Routing, the process of selecting a path for packet transmission in networks, is the key function for stable operation of network infrastructure. Basically, we can classify routing technologies into two categories, non-quality-aware and quality-aware. Most widely used routing protocols and algorithms, such as RIP, IGRP and OSPF, are non-quality-ware because they cannot make routing decision using network and service quality information. Although non-quality-aware routing protocols and algorithms are simple to be implemented on routers and have been worked well for many years, they are challenged by rapid growth of network traffic volume and changing of service requirements. Therefore, a number of quality-aware routing protocols and algorithms are proposed in recent years, which aim to choose paths with better performance by leveraging network quality metrics like delay, jitter and loss [4, 5, 6]. However, they are not widely used because of higher requirement of computation capabity on routers and expensive upgrade cost.
In recent years, with the rapid progress of new technologies like SDN and NFV, a number of research works introduced that a good opportunity has been raised to implement more complex routing decision on powerful hardwares . For example, Google has proved the separation of routing control and operation approach is feasible for achieving better quality assurance on software defined networks . Inspired by these works, we propose the concept of cognitive routing that extends the concept of quality-aware routing by introduce three key capabilities into the routing decision component, inference, decision and learning. Not just introduce the concept, we propose an implementation approach based on Deep Reinforcement Learning (DRL). To facilitate the research of DRL-based cognitive routing, we develop a simulator named RL4Net for DRL-based routing algorithm development and simulation. In addition, we design and implement a Deep Deterministic Policy Gradient (DDPG) based routing algorithm. To demonstrate the preliminary feasibility and potential advantage of cognitive routing, we compare the DDPG-based routing algorithm with OSPF and random weight algorithms. The simulation results on an example network topology show that the DDPG-based routing algorithm achieves better performance.

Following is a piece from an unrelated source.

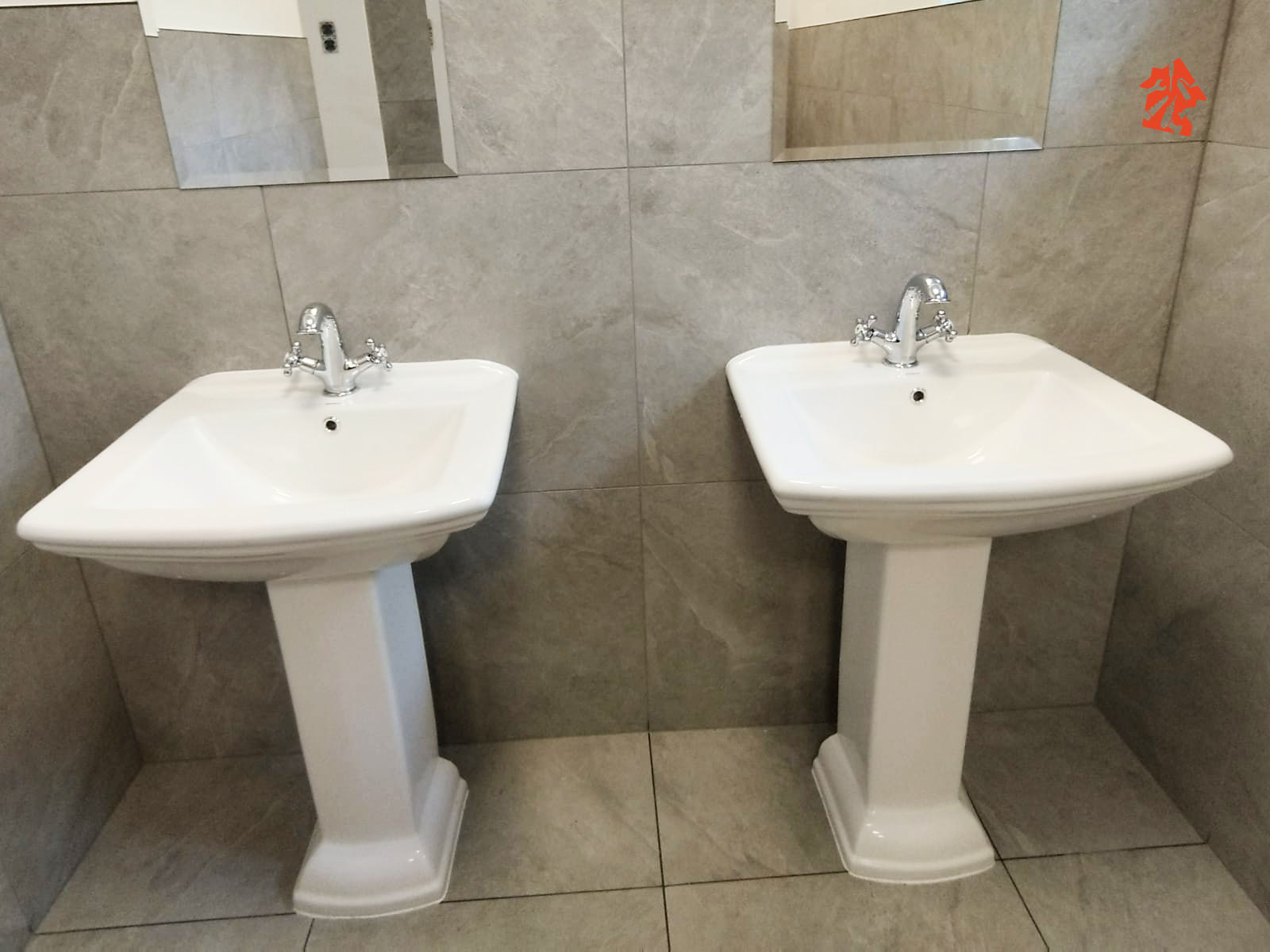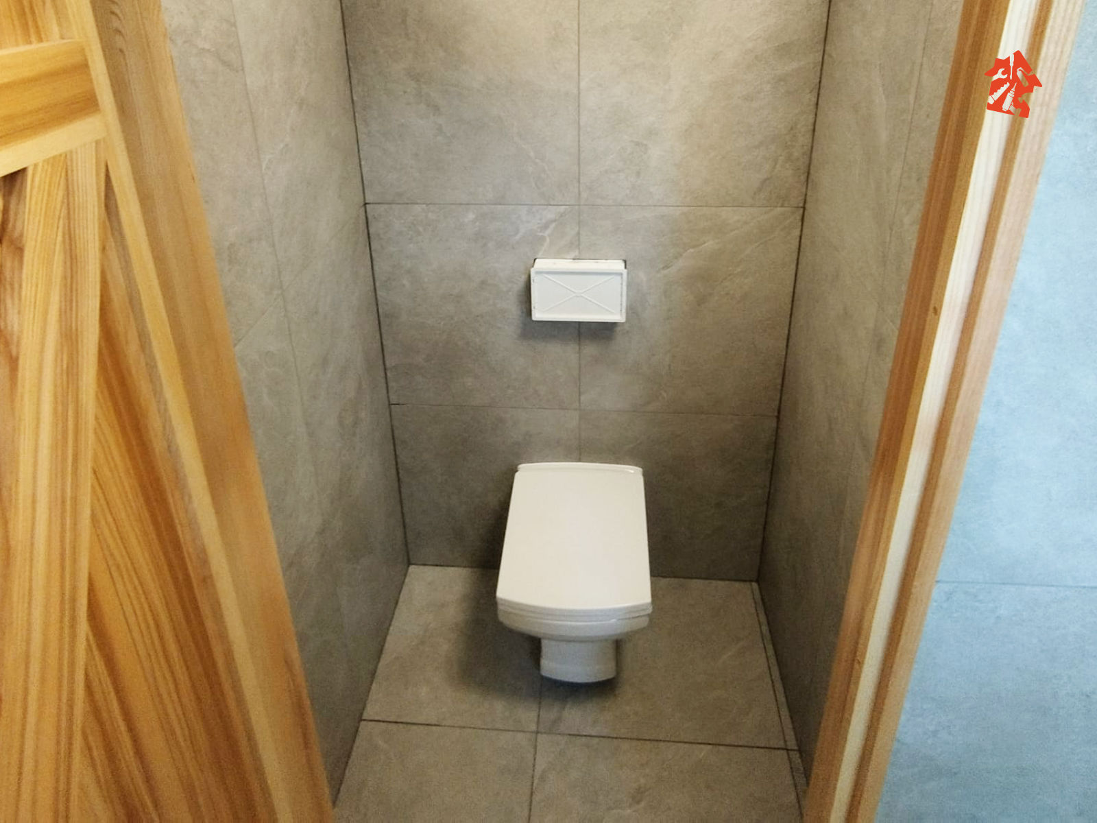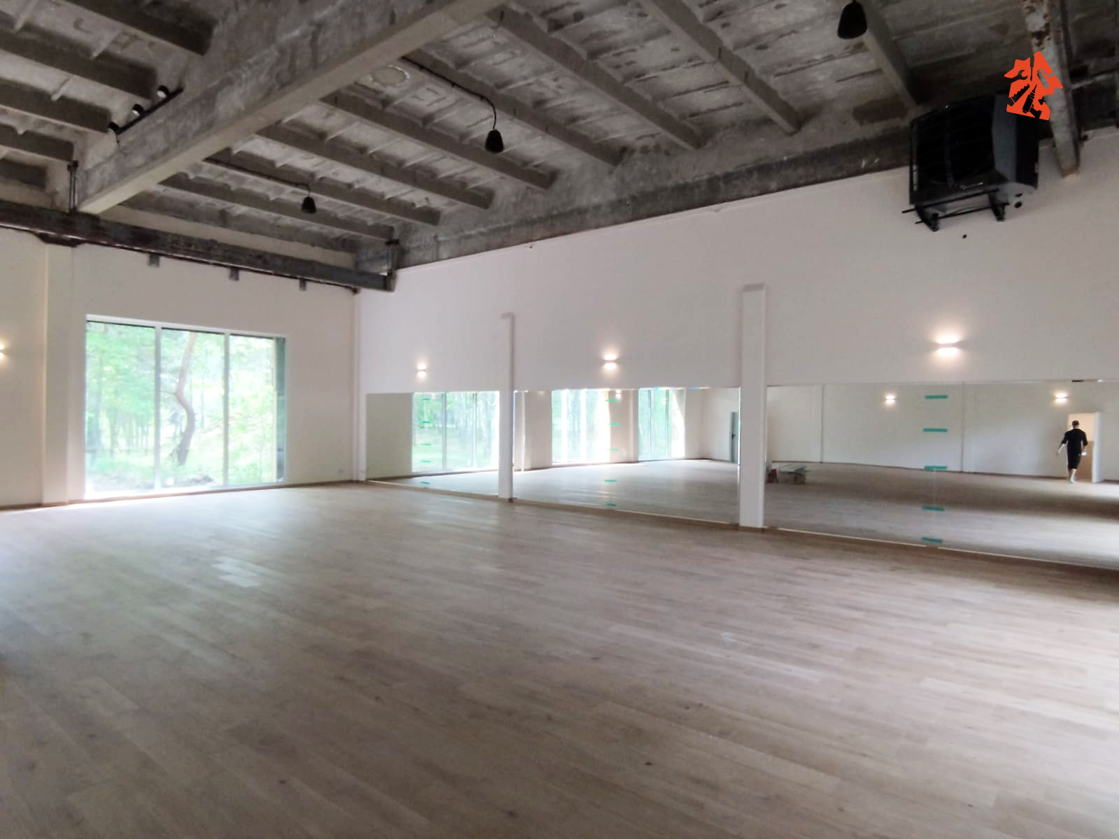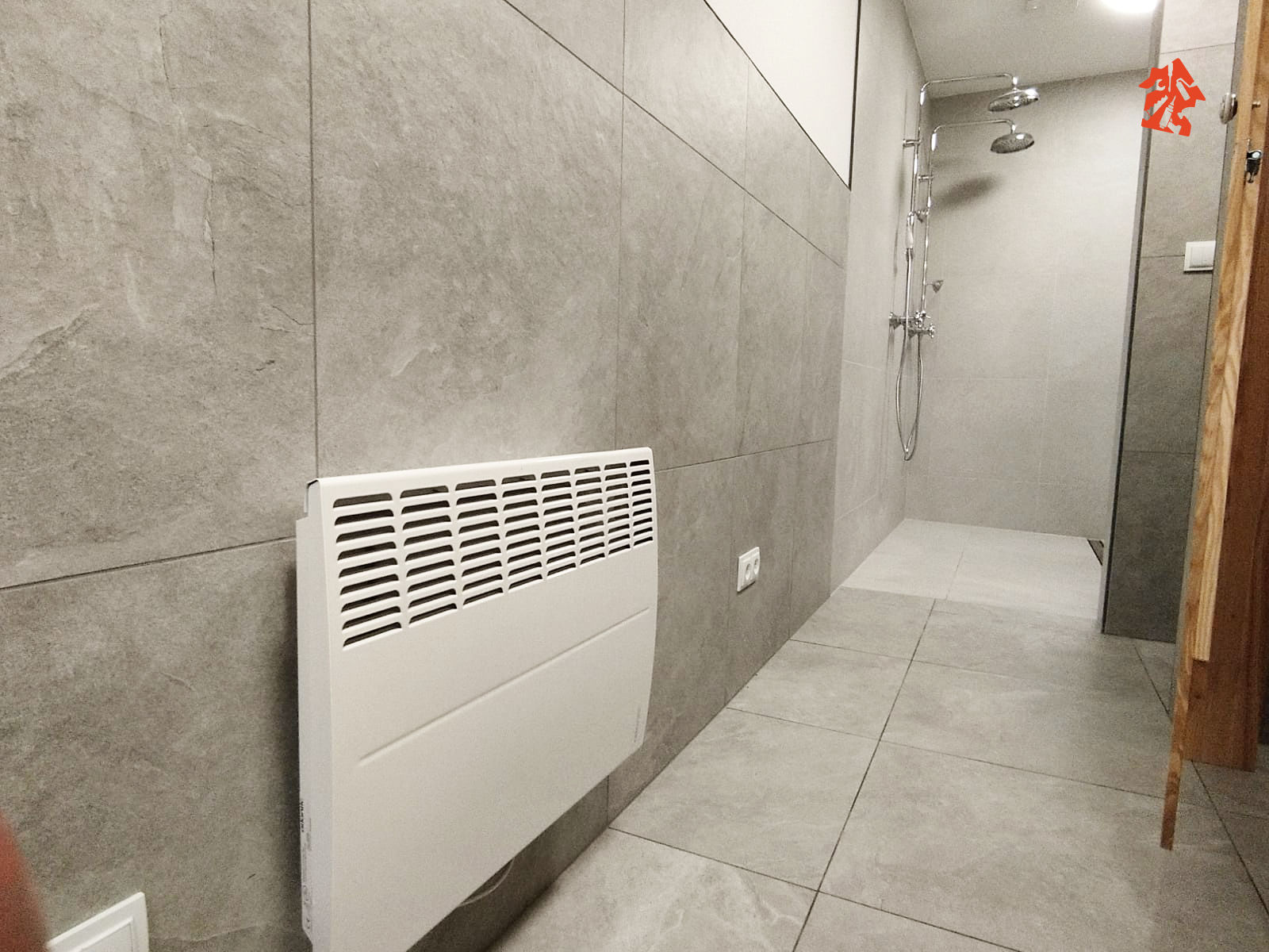 Dla zachowania walorów historycznych klient zostawił napis na ścianie: "Sprawne rakiety gwarancją obrony Warszawy". Dodatkowo została suwnica pod sufitem 🏗️. Ze względu na dużą powierzchnię oraz planowaną ilość ćwiczących rumbę, salsę, tango i inne tańce łazienki też muszą być do tego typu obiektu dostosowane. Dlatego też jest sporo kabin, natrysków oraz szafek. Projekt zamknięty, my i klient zadowoleni👍😍

In summary, the main contributions of our paper are as follows:
We introduce the concept of cognitive routing with an implementation approach based on deep reinforcement learning technology.
We design and implement a DDPG-based cognitive routing algorithm under the routing-oriented deep reinforcement learning theory framework.
We prove the preliminary feasibility and potential advantage of cognitive routing by experiments on a self-develop simulator, which is also a powerful open source tool for cognitive routing research.
The rest of our paper is organized as follows: In Section II, we introduce the definition of cognitive routing and related works. Then, we propose a routing-oriented deep reinforcement learning theory framework in Section III. Based on this framework, the design of a DDPG-based routing algorithm is descried in Section IV. In Section V, we illustrate the design of RL4Net and the implementation of the DDPG-based routing algorithm on RL4Net. Section V is the description of experiment design and evaluation result. At last ,we conclude our work and future work in Section VI.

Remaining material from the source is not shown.